Grandpa pulls on his gloves too, which means we’re ready to start the job.

“First?” he asks.

I turn my Dodgers hat backward and look into the hood. I see the connector lock release. “Disconnect the light,” I say. Then I do it. Pressing down on the lock release makes a small pop like a short bunt, and I like that. When I pull at it a little, it disconnects from the old, burnt bulb.

Grandpa’s hovering over me, making sure I do it right. “Good,” he assures me. “Now what?”
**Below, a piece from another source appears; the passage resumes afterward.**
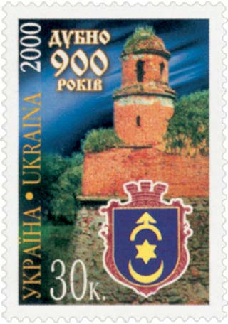 Stamp of Ukraine

“Retaining ring.” I stick my head in closer to find it. The faint smell of plastic and metal and oil rise up to my face, and I like that smell. When I find the ring I twist it to the left and detach it from the headlight assembly. Then I take the burnt bulb from the retaining ring and give it to Grandpa. He throws it in the trash.

“Good, Robbie.”

I still have the retaining ring around my finger. Grandpa puts the new bulb in my other hand, and I put it exactly where the other one was in the headlight assembly. Then I twist the ring back and it’s in. It feels good when everything pops in and fits just right.

“Last?”

“Plug her in!” I shout and reach for the connector socket.

“Ta-da!” Grandpa cheers. “A-plus.” An A-plus from Grandpa in the garage is better than any other A-plus ever.

“Now the other one,” he says. And I do it all over again, but this time Grandpa doesn’t say anything because I know the steps by heart.

When I finish, Grandpa squeezes my shoulder, but in a good job kind of way this time, and Harold comes over to start the car and turn the lights on. “Looking bright, Robbie,” he says, and reaches out for another fist bump, which is kind of our thing.

I’m not feeling all hot and mad and like I could burst anymore.

In the bay next to us, an intern from the technical high school down the street is working. It’s his last day, which is good because he’s taking my jobs. Right now he’s jump-starting a Honda Accord. I know how to do that too. That’s even easier than changing headlights. Grandpa doesn’t let me use the word easy in the garage, though. He tells me it seems easy because I’m good at it. “If it was easy, why would all these people bring their cars in here to have us do it for them?” he says. I guess that makes Grandpa a genius, then. And me too.

Sparks shoot from the Honda’s battery like little tiny fires, and Harold rushes over to help. I know that the little fires mean the intern attached a negative to a positive by accident. Either that or he didn’t connect the jumper cables to the dead battery first. Grandpa says that’s really important and that those sparks can catch fast. I know how that is too.

But right now I feel pretty OK. Far from Ms. Burg and Alex Carter and his clicky-heeled mom.

There are only three places in the whole world that make me feel like this, like I’m not sparky at all. Third base, where Jackie Robinson played; our sugar maple trees in the backyard; and in Grandpa’s garage, fixing something that’s broken.